• Task: Restate every line of the data word for word, except for the images.

[Source records]

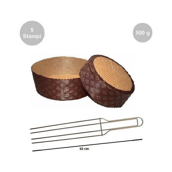 Set spillone 4 punte in acciaio lungo 62 cm, da Decora, con 5 stampi panettoni artigianali bassi, stampi canasta o stampi panettoni gastronomici in carta cellulosa usa e getta o monouso da 500 g
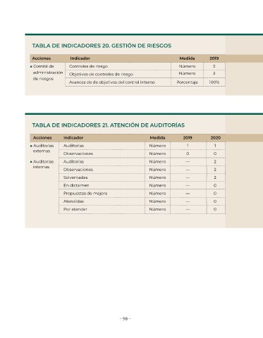 TABLA DE INDICADORES 20. GESTIÓN DE RIESGOS
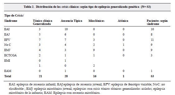 En cuanto a los tipos de crisis clínicas, se evidenció que aquellos con epilepsia de ausencia infantil (n=10) y de ausencia juvenil (n=8) desarrollaron dos patrones: ausencia típica en 100% y 70% de los casos, seguido por crisis tónico clónica generalizada en 30% y 63% de los pacientes respectivamente. La mayor diversidad de crisis clínica se estableció en la epilepsia de fenotipo variable y la epilepsia no clasificable. En el grupo de fenotipo variable (n=11) se evidenció: crisis tónico clónica generalizada y ausencia típica en el 64% en ambas categorías, mioclónicas (27%) y ausencia atípica en un paciente (13%). Con respecto a la epilepsia no clasificable (n=9) se evidenciaron los siguientes tipos de crisis: tónico clónica generalizada (33%), ausencia típica (44%), mioclónicas (22%) y atónica en un paciente (11%). En la epilepsia mioclónica juvenil se observó que los pacientes han presentado 3 tipos de crisis; tónico clónica generalizada (44%), ausencias típicas (33%) y mioclonías (100%) (Tabla 2).
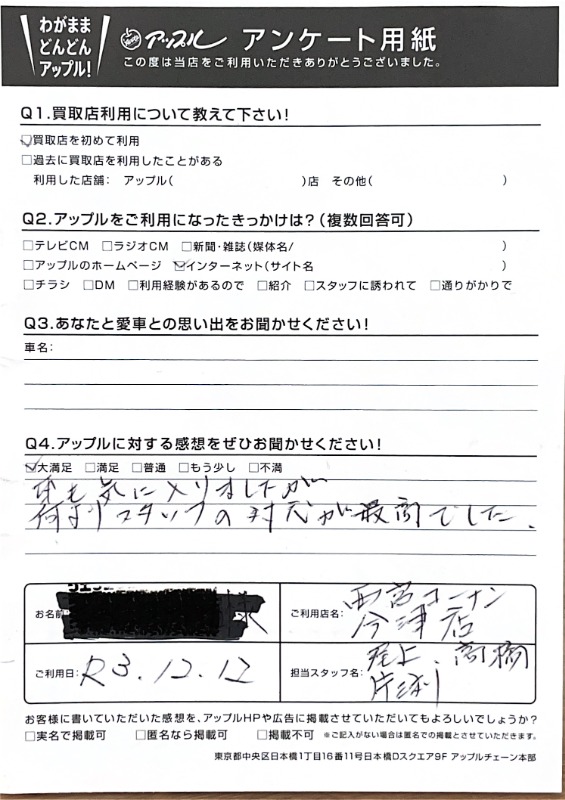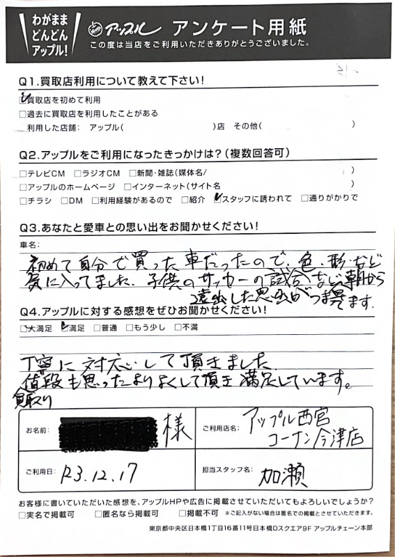 お車のご相談・ 査定だけでもOK! カンタン 入力 30秒 アップルがブランド買取始めました! お電話でも受付中! 受付時間9:30~19:00 0798-23-9033 お車のご相談・ 査定だけでもOK! カンタン 入力 30秒 アップルがブランド買取始めました! お電話でも受付中! 受付時間9:30~19:00 0798-23-9033 アップルがブランド買取始めました! お電話でも受付中! 受付時間9:30~19:00 0798-23-9033 店舗情報 在庫車 スタッフ紹介 ブログ お客様の声 キャンペーン 無料査定 click [ つぶやき ] 2022/01/26 (水) 18:42 ありがとうございます(*^^*) こんにちは( ^^) _U~~アップル西宮コーナン今津店です★☆嬉しいお言葉がたくさん届きました(#^.^#)アンケートはがき、Google口コミとみなさまから頂きました、、、!!☆本当にありがとうございます(^^ゞ少しでもみなさまに良かったと思っていただけるように頑張って参りますので、今後ともよろしくお願いいたします!!!みなさまのご来店、ご連絡、どしどしお待ちしております!!!(*^^*) 2022-01-26 18:42:30 新しい記事へ 古い記事へ 最新記事 ◆夏季休業のお知らせ◆☆在庫車両紹介☆ ジャガーXタイプ☆在庫車両紹介☆ ヴィッツ☆在庫車両紹介☆ ベンツVクラス◆ゴールデンウィーク休業のお知らせ◆ 店舗情報に戻る 月別アーカイブ 2025年08月(1)2025年07月(3)2025年04月(2)2025年03月(1)2025年02月(1)2025年01月(4)2024年12月(4)2024年11月(3)2024年10月(3)2024年09月(3)2024年08月(4)2024年07月(5)2024年06月(4)2024年05月(3)2024年04月(5)2024年03月(2)2024年02月(3)2024年01月(5)2023年12月(5)2023年11月(1)2023年10月(2)2023年09月(4)2023年08月(1)2023年06月(1)2023年04月(1)2022年12月(1)2022年09月(1)2022年08月(1)2022年06月(1)2022年05月(4)2022年04月(6)2022年01月(4)2021年12月(5)2021年11月(4)2021年10月(15)2021年09月(12)2021年08月(8)2021年07月(4)2021年06月(5)2021年05月(1)
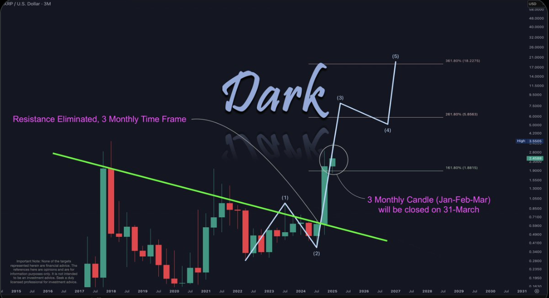 Dark Defender’ın X platformunda yaptığı açıklamaya göre, XRP’nin hedefi önce 5,85 dolar, ardından 8,07 dolar. Analist, bu tahminini 3 aylık mum grafiklerine dayandırıyor. Ocak, Şubat ve Mart aylarını kapsayan bu zaman diliminde XRP’nin yukarı yönlü büyük bir ivme kazandığını söylüyor.
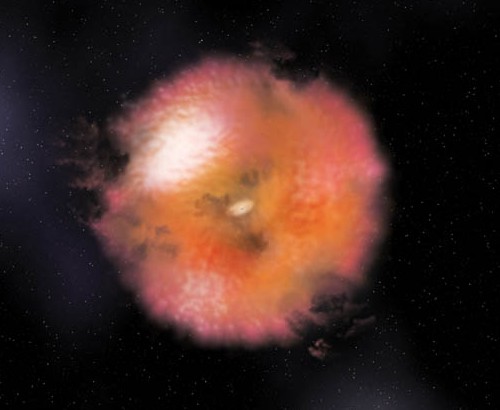 Gama záblesk – osamělá hvězda. Gama záblesky jsou jednou ze současných velkých záhad astrofyziky vysokých energií. Přicházejí k nám rovnoměrně ze všech stran přibližně jednou denně. Jejich trvání je od několika milisekund až po několik minut. Dnes víme, že mechanizmů generování těchto záblesků bude několik. Jedním z nich by mohl být kolaps osamocené velmi hmotné hvězdy na černou díru (supernova Ic), který můžete sledovat na této počítačové animaci. Nejprve vznikají výtrysky plazmatu ve směru rotační osy, později kolabuje Fe jádro a vytváří se tlustý akreční disk a v centru rotující černá díra. Zdroj: NASA / SkyWorks Digital, 2005. (avi, 2 MB)
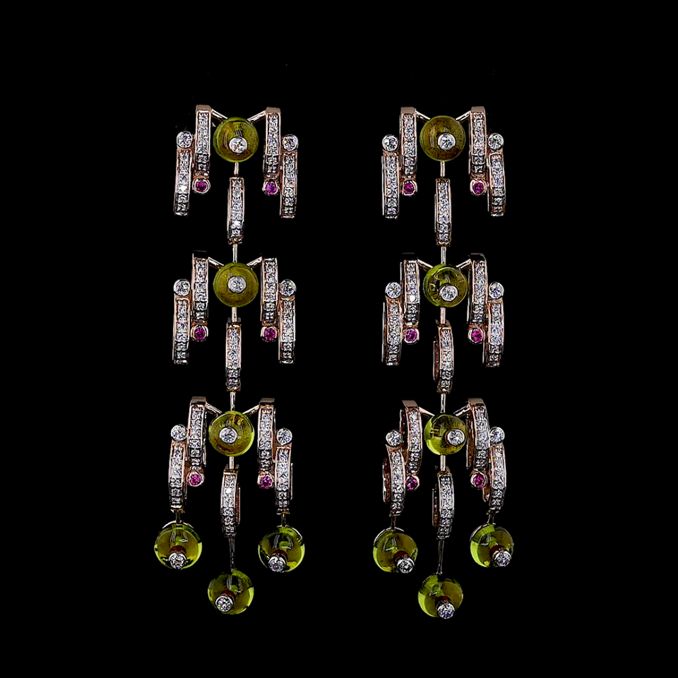 Designer Peridot Earrings with Lab-Created Diamonds for Evening & Cocktail Events
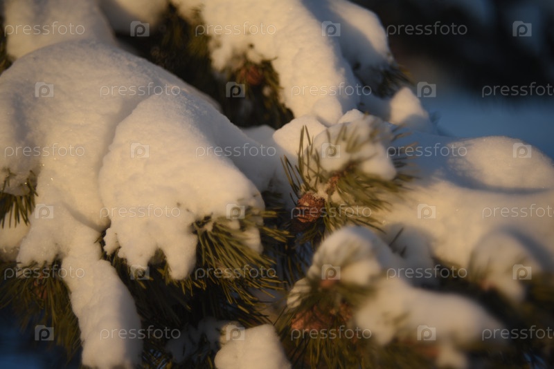 Сосновые ветки и деревья в снегу зимой
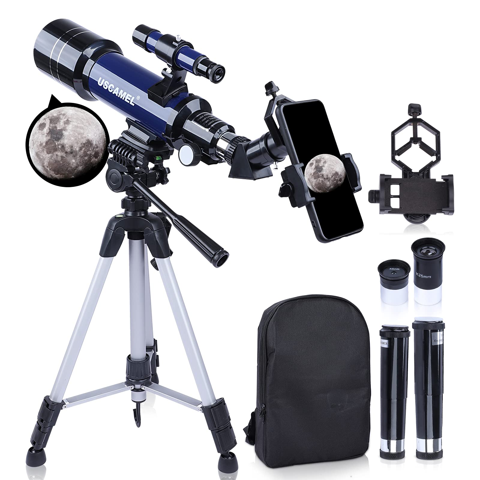 - USCAMEL Refractor Telescope 70/400 AX Optical Glass and Metal Tube in Navy NEW

• Exercise solution:
 Set spillone 4 punte in acciaio lungo 62 cm, da Decora, con 5 stampi panettoni artigianali bassi, stampi canasta o stampi panettoni gastronomici in carta cellulosa usa e getta o monouso da 500 g
 TABLA DE INDICADORES 20. GESTIÓN DE RIESGOS
 En cuanto a los tipos de crisis clínicas, se evidenció que aquellos con epilepsia de ausencia infantil (n=10) y de ausencia juvenil (n=8) desarrollaron dos patrones: ausencia típica en 100% y 70% de los casos, seguido por crisis tónico clónica generalizada en 30% y 63% de los pacientes respectivamente. La mayor diversidad de crisis clínica se estableció en la epilepsia de fenotipo variable y la epilepsia no clasificable. En el grupo de fenotipo variable (n=11) se evidenció: crisis tónico clónica generalizada y ausencia típica en el 64% en ambas categorías, mioclónicas (27%) y ausencia atípica en un paciente (13%). Con respecto a la epilepsia no clasificable (n=9) se evidenciaron los siguientes tipos de crisis: tónico clónica generalizada (33%), ausencia típica (44%), mioclónicas (22%) y atónica en un paciente (11%). En la epilepsia mioclónica juvenil se observó que los pacientes han presentado 3 tipos de crisis; tónico clónica generalizada (44%), ausencias típicas (33%) y mioclonías (100%) (Tabla 2).
 お車のご相談・ 査定だけでもOK! カンタン 入力 30秒 アップルがブランド買取始めました! お電話でも受付中! 受付時間9:30~19:00 0798-23-9033 お車のご相談・ 査定だけでもOK! カンタン 入力 30秒 アップルがブランド買取始めました! お電話でも受付中! 受付時間9:30~19:00 0798-23-9033 アップルがブランド買取始めました! お電話でも受付中! 受付時間9:30~19:00 0798-23-9033 店舗情報 在庫車 スタッフ紹介 ブログ お客様の声 キャンペーン 無料査定 click [ つぶやき ] 2022/01/26 (水) 18:42 ありがとうございます(*^^*) こんにちは( ^^) _U~~アップル西宮コーナン今津店です★☆嬉しいお言葉がたくさん届きました(#^.^#)アンケートはがき、Google口コミとみなさまから頂きました、、、!!☆本当にありがとうございます(^^ゞ少しでもみなさまに良かったと思っていただけるように頑張って参りますので、今後ともよろしくお願いいたします!!!みなさまのご来店、ご連絡、どしどしお待ちしております!!!(*^^*) 2022-01-26 18:42:30 新しい記事へ 古い記事へ 最新記事 ◆夏季休業のお知らせ◆☆在庫車両紹介☆ ジャガーXタイプ☆在庫車両紹介☆ ヴィッツ☆在庫車両紹介☆ ベンツVクラス◆ゴールデンウィーク休業のお知らせ◆ 店舗情報に戻る 月別アーカイブ 2025年08月(1)2025年07月(3)2025年04月(2)2025年03月(1)2025年02月(1)2025年01月(4)2024年12月(4)2024年11月(3)2024年10月(3)2024年09月(3)2024年08月(4)2024年07月(5)2024年06月(4)2024年05月(3)2024年04月(5)2024年03月(2)2024年02月(3)2024年01月(5)2023年12月(5)2023年11月(1)2023年10月(2)2023年09月(4)2023年08月(1)2023年06月(1)2023年04月(1)2022年12月(1)2022年09月(1)2022年08月(1)2022年06月(1)2022年05月(4)2022年04月(6)2022年01月(4)2021年12月(5)2021年11月(4)2021年10月(15)2021年09月(12)2021年08月(8)2021年07月(4)2021年06月(5)2021年05月(1)
 Dark Defender’ın X platformunda yaptığı açıklamaya göre, XRP’nin hedefi önce 5,85 dolar, ardından 8,07 dolar. Analist, bu tahminini 3 aylık mum grafiklerine dayandırıyor. Ocak, Şubat ve Mart aylarını kapsayan bu zaman diliminde XRP’nin yukarı yönlü büyük bir ivme kazandığını söylüyor.
 Gama záblesk – osamělá hvězda. Gama záblesky jsou jednou ze současných velkých záhad astrofyziky vysokých energií. Přicházejí k nám rovnoměrně ze všech stran přibližně jednou denně. Jejich trvání je od několika milisekund až po několik minut. Dnes víme, že mechanizmů generování těchto záblesků bude několik. Jedním z nich by mohl být kolaps osamocené velmi hmotné hvězdy na černou díru (supernova Ic), který můžete sledovat na této počítačové animaci. Nejprve vznikají výtrysky plazmatu ve směru rotační osy, později kolabuje Fe jádro a vytváří se tlustý akreční disk a v centru rotující černá díra. Zdroj: NASA / SkyWorks Digital, 2005. (avi, 2 MB)
 Designer Peridot Earrings with Lab-Created Diamonds for Evening & Cocktail Events
 Сосновые ветки и деревья в снегу зимой
 - USCAMEL Refractor Telescope 70/400 AX Optical Glass and Metal Tube in Navy NEW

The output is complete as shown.